Poetry and the city: a matter of survival The example of Amaronda, poetic collection by Carolina Nizza
In 2016, I wrote my undergraduate thesis in literature about two poets and the way they portrayed their cities in their works. Rome vs Moscow, Pier Paolo Pasolini vs Stanislav Lvovsky. At the time, and it has now been a full ten years, poetry had almost completely disappeared from traditional circuits, while cities were expanding and promising, absorbing everything. We were all running toward the cities, all turning away from poetry. Now, the movement has become the opposite. Perhaps precisely because we are turning away from the city, we are rediscovering time for poetry. Not that poetry was ever truly dead. During that phase, in fact, it lived on blogs, on social media pages, on walls through the Movimento per l'Emancipazione della Poesia; it tried to adapt to frantic and neurotic lifestyles, to capture our gaze between a run and an appointment, between one chat and another. Those were the years of short poems and Tweets. Now, it has found its time again - a poetic time abstracted from everything else - and its space, and it does so above all through the female pen.
The poetry of Carolina Nizza, Amaronda
There are plenty of examples, even just in Italy. Caterina Fantetti, co-founder of Donne x Strada, has published her poetry collection “se d'estate piove” with Eretica Edizioni, and Carolina Nizza has done the same with Amaronda, a collection published by AttraVerso and written during a time of disorder, waiting, and transition, which sincerely recounts thoughts, feelings, and fragments of that period. They are poems, but also small acts of care, moving through play, memory, fear, and love in search of freedom, a treasure chest in which to cultivate lightness. They are poems born from dialogue with others, between loves that ended and loves that never began, pasts, futures, and hopes, revealing that, ultimately, everything is a dialogue with ourselves. They are poems born from questions: who to be, what to become, how to love, and in searching for answers they reveal those already within us, in the unconscious. For this reason, the collection draws inspiration from the Tarot, which, as Jodorowsky says, are at once a mirror of the soul and a therapeutic tool.

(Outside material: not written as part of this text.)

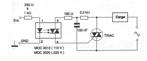 Para cargas inductivas tenemos la configuración mostrada en la figura. Observe que el acoplador óptico (aislador óptico) proporciona un aislamiento de 7 000 volts, lo que garantiza una seguridad total para el dispositivo de control, en el caso del ordenador. El triac debe estar dotado de un buen radiador de calor.
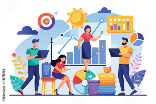 Malé postavy, kancelářské lidé balení obrovský kufřík s cílem, ozubené kolo, žárovka, grafy, palec nahoru, e-mailové zprávy symboly, ploché vektorové ilustrace. Business office pracovní zkušenosti koncept.

Amaronda tells the story of an invented word: a game, a turn, and a word of love. At its center, there is always a hint of the sea. Within it, it holds poems that, through each number with its deepest meaning, represent a place, a character, a moment, a mirror, helping us embark on that journey toward the soul, tracing a cycle within which many small circles are born in the emotions, fragilities, and strengths of the unconscious. And in the end, they always bring us back to the beginning. They are an attempt to chase — and capture, even if only for a moment — freedom, within the magical chaos and the eternal return that is the game of life.
Poetry as escape and awareness, both from and of the city
In Carolina Nizza’s practice, she also curates the Instagram page Slices of Niceness, the connection with the city is undeniable. Partly because she draws inspiration from everyday life, and partly because she seeks to carve moments of pause and reflection out of that same daily reality, despite everything. Because today, poetry is not only escape; it is also an understanding of reality, an invitation to love and joy, to melancholy and reflection, to living a conscious and kind life, wherever we may find ourselves.